Visuellement aussi, Junji Ito utilise « une ligne qui n’est pas caractéristique du manga : des traits fins, peu de trames, beaucoup de détails dans les arrière-plans ». Ce dessin parfois très réaliste instaure une ambiance pesante et intensifier les mutilations grotesques et terrifiantes des victimes de ses histoires. Ce langage de la peur se traduit-il facilement à l’écran ? L’adaptation animée de Spirale prend elle aussi un parti pris esthétique. Plutôt que la colorisation numérique de la plupart des animes grand public, Studio Drive a ici fait le choix du noir et blanc, rappelant manga. L’animation a un rendu proche de la rotoscopie (décalque de prises de vues réelles), qui installe un malaise subtil lors des scènes calmes, et explose dans les moments d’horreur.

Sur un plan très littéral, traduire Junji Ito comprend quelques difficultés. « Il se passionne parfois pour des thèmes très complexes comme la physique quantique, donc ça demande un peu de recherche, glisse Anaïs Koechlin. Et puis, il faut rendre l’horreur sans tomber dans le ridicule. Il y a un côté très burlesque à conserver sans être comiques. » Son collègue lettreur, Martin Berberian, apporte par exemple un soin particulier aux onomatopées, très présentes dans le manga, et qui doivent traduire des sons parfois gore sans être loufoques et parasiter le dessin.

Succès planétaire

Cette traduction technique rencontre un succès qui confirme l’universalité de l’œuvre originale. « Ça dépasse tout ce qu’on avait imaginé, confirme la traductrice.
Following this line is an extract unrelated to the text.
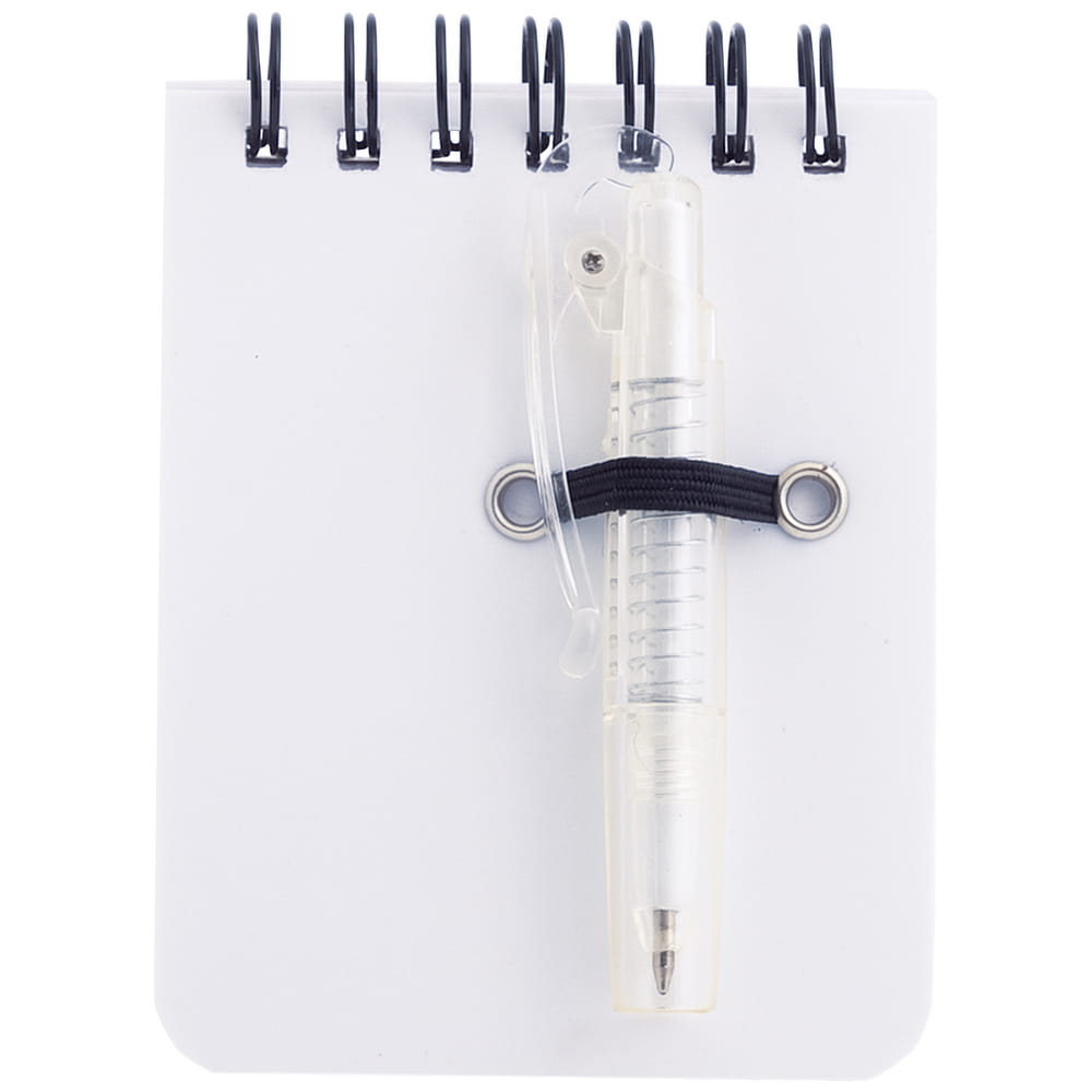 Notes / notatnik z długopisem, spiralne bindowanie, białe kartki.Wymiary: 7 x 9,5 x 0,7 cm. Materiał: plastik. Technika znakowania: tampodruk. Jeśli masz pytania dotyczące produktu lub zamówienia innego nakładu, skontaktuj się z nami.

Mangetsu vendait 5.000 à 10.000 exemplaires d’une sortie il y a quelques années, ça a été multiplié par dix depuis. » L’auteur est aussi populaire aux Etats-Unis, avec 1,5 million de tomes vendus dans le pays entre 2020 et 2022, selon l’organisation Circana Bookscan. Du jeu vidéo avec World of Horror à la mode par des collaborations avec des marques comme Sanrio ou Hot Topic, son influence est désormais incontournable, au même titre que Lovecraft.

Réciproquement, « Ito ouvre la porte à l’horreur japonaise en manga », résume Anaïs Koechlin. Son succès a aussi conduit à un intérêt renouvelé pour d’autres mangakas, dont Kazuo Umezu, que Junji Ito lui-même cite comme une inspiration. Dernière preuve de son statut de superstar s’il en faut : il était invité du festival d’Angoulême en 2023, et sera présent à la Japan Expo 2025.